» Work task: From the entries below, reproduce exactly the line containing "融资方面,当日融资买入3.6", the line containing "今年も玄関付近にひな人形を皆様で飾り、記念撮影を行いました📸", and every line in between, with nothing added.

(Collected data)
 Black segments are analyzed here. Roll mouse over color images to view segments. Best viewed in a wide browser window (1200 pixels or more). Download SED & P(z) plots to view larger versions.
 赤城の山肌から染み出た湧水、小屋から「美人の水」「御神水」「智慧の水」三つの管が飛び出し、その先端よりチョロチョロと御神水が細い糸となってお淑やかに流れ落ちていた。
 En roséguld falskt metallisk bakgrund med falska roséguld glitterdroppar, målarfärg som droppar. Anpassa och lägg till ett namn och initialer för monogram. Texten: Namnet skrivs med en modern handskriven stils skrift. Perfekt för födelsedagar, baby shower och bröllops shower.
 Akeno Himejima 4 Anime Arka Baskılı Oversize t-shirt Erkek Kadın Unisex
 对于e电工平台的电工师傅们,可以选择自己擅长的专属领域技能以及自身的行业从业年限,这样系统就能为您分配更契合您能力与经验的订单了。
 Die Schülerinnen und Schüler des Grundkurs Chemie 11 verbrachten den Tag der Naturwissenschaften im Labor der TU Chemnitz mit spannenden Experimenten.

--

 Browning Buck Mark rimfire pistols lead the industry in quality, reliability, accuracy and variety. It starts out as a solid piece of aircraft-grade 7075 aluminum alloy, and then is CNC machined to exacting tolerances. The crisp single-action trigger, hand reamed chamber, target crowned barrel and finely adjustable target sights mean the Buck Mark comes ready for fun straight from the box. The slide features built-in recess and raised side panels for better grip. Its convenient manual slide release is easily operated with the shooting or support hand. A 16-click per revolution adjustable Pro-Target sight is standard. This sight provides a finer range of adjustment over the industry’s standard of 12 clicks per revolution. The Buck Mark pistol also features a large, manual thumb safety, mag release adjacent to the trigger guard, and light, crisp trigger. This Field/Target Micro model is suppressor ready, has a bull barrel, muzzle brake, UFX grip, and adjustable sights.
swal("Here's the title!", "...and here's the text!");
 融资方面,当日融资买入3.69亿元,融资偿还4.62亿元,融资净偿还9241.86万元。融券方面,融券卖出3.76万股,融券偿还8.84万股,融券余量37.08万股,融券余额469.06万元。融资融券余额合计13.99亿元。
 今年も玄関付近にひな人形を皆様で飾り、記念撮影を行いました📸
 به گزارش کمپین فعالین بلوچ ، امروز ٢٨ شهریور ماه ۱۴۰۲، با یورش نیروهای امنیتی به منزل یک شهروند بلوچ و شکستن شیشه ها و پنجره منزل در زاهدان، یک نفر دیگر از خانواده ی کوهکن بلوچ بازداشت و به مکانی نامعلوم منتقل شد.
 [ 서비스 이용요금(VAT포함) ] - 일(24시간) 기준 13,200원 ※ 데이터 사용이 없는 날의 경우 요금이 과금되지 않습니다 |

» Expected answer:
 融资方面,当日融资买入3.69亿元,融资偿还4.62亿元,融资净偿还9241.86万元。融券方面,融券卖出3.76万股,融券偿还8.84万股,融券余量37.08万股,融券余额469.06万元。融资融券余额合计13.99亿元。
 今年も玄関付近にひな人形を皆様で飾り、記念撮影を行いました📸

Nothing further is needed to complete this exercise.